Appscan is a professional vulnerability scanning and security assessment tool primarily used to help businesses evaluate and discover security vulnerabilities and risks in their websites and applications. Appscan has powerful features and rich characteristics, making it the preferred tool for many organizations and security professionals.
The main functions of Appscan include vulnerability scanning, security auditing, and risk assessment. It can automatically scan websites and applications, detect common security vulnerabilities such as cross site scripting attacks (XSS), SQL injection, cross site request forgery (CSRF), etc. In addition, Appscan also provides advanced vulnerability detection and customization options, allowing users to conduct in-depth security testing and evaluation based on their own needs.
Appscan also provides visual vulnerability reports and recommended remediation measures to help users fully understand the security status of websites and applications, and provide corresponding remediation recommendations. It also supports collaboration with development and security teams to facilitate rapid vulnerability fixes and the implementation of security measures.
Appscan is widely used in various industries, including finance, e-commerce, healthcare, government agencies, and more.
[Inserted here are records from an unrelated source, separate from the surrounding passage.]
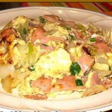 2.快火下3-4汤匙油,炒香洋葱;洋葱软身就加火腿略炒。转中快火,倒入蛋浆,当一面成形,加葱花就翻另一面。另一面煎硬就可以装盘。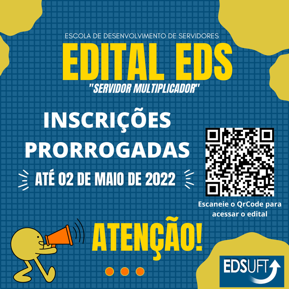 O prazo para cadastro de servidores da UFT interessados em participar do Edital de Seleção de Instrutores/Cursos para o Banco de Cursos da Escola de Desenvolvimento de Servidores da UFT (EDS-UFT), para o biênio 2022-2023, foi prorrogado. A Diretoria de Desenvolvimento de Pessoas da Pró-Reitoria de Gestão e Desenvolvimento de Pessoas (DDP/Progedep) publicou um Edital de Retificação estendendo a possibilidade de inscrição para até o dia 02 de maio de 2022.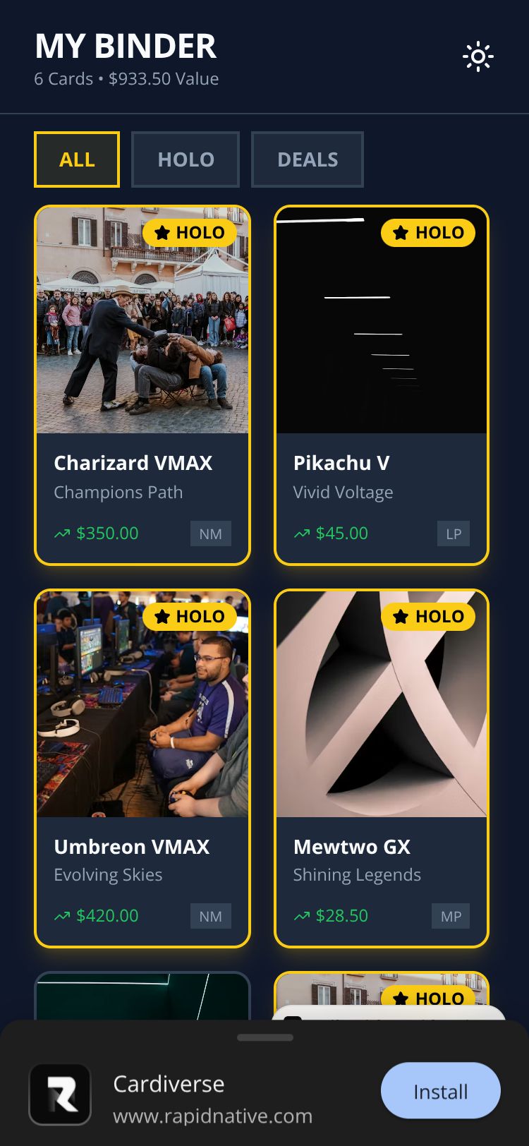 Browse this public project and clone it to start building your own React Native Cardiverse app.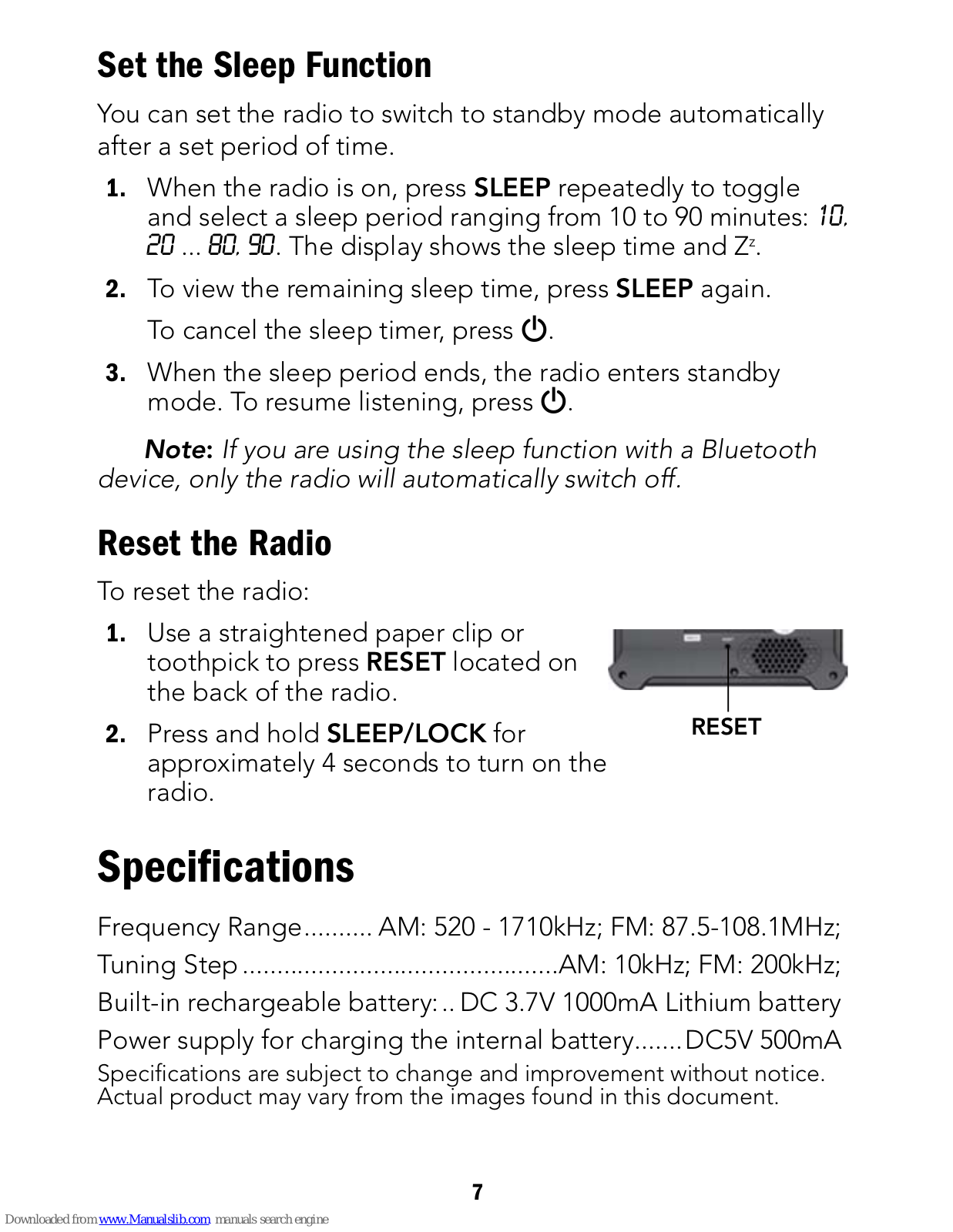 Specifications and Main Features

It helps businesses protect their websites and applications from hackers and malicious attacks, enhance overall network security, and protect users' privacy information.
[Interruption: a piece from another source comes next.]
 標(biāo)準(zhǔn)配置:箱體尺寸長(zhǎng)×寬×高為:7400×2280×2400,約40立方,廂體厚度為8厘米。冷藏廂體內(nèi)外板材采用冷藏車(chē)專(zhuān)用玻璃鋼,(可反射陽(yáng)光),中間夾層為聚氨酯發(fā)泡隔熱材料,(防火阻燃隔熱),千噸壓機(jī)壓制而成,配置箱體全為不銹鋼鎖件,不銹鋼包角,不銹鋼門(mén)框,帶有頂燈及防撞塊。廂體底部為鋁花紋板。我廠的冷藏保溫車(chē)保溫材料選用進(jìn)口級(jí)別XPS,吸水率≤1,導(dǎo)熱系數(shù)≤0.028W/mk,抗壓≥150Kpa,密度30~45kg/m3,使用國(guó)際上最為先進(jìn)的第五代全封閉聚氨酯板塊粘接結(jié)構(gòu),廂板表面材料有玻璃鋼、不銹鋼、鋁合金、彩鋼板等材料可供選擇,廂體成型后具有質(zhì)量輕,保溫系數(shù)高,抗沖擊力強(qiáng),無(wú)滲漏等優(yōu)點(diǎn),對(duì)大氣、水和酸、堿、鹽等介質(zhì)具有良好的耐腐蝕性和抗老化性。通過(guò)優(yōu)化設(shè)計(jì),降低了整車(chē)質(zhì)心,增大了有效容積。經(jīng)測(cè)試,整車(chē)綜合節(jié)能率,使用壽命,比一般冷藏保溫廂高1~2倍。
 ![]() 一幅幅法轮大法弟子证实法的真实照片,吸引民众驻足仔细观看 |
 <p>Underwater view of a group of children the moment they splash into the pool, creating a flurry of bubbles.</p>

Main functional indicators of Appscan:
1. Provide a comprehensive vulnerability rule library that covers various mainstream attack techniques and methods defined by the two major web security standard organizations, WASC and OWASP, including but not limited to: Brute Force、Insufficient Authentication、Credential/Session Prediction、Insufficient Authorization、Insufficient Session Expiration、Session Fixation、Content Spoofing、Cross-site Scripting、Buffer Overflow、Format String Attack、LDAP Injection、OS Commanding、SQL Injection、SSI Injection、XPath Injection、Directory Indexing、Information Leakage、Path Traversal、Predictable Resource Location、Abuse of Functionality、Denial of Service、Insufficient Process Validation Among the attack techniques and methods, Cross Site scripting can detect at least 20 variants; For SQL Injection, it can detect at least 40 variants;
2. Support online and manual upgrading of scanning rule libraries, custom rules, as well as importing and exporting rules;
3. Support web application technologies such as Javascript, HTTPS, and authentication to ensure the integrity of discovered URLs;
4. Support discovering URLs from Flash, PDF, Office and other types of documents and conducting security testing;
5. Ability to test sequential business logic, such as opening new accounts and making online purchases;
6. Support scanning for security vulnerabilities in web service application systems and come with built-in web service discovery tools;
7. Support common web authentication methods (forms, captcha, SAML, etc.);
8. Support HTML crawlers and SSL;
9. Support users to edit reports, provide assistance to development and quality management personnel in fixing security vulnerabilities, and add custom comments or detailed information.
10. Support "glass box" scanning technology, which not only receives scanning responses from applications, but also monitors internal responses of web servers;
11. Support vulnerability scanning for web applications suitable for mobile browser client browsing, which can simulate at least the following types of mobile device browsers: Chrome, Opera, Safari, Google Android, Blackberry, IE Mobile.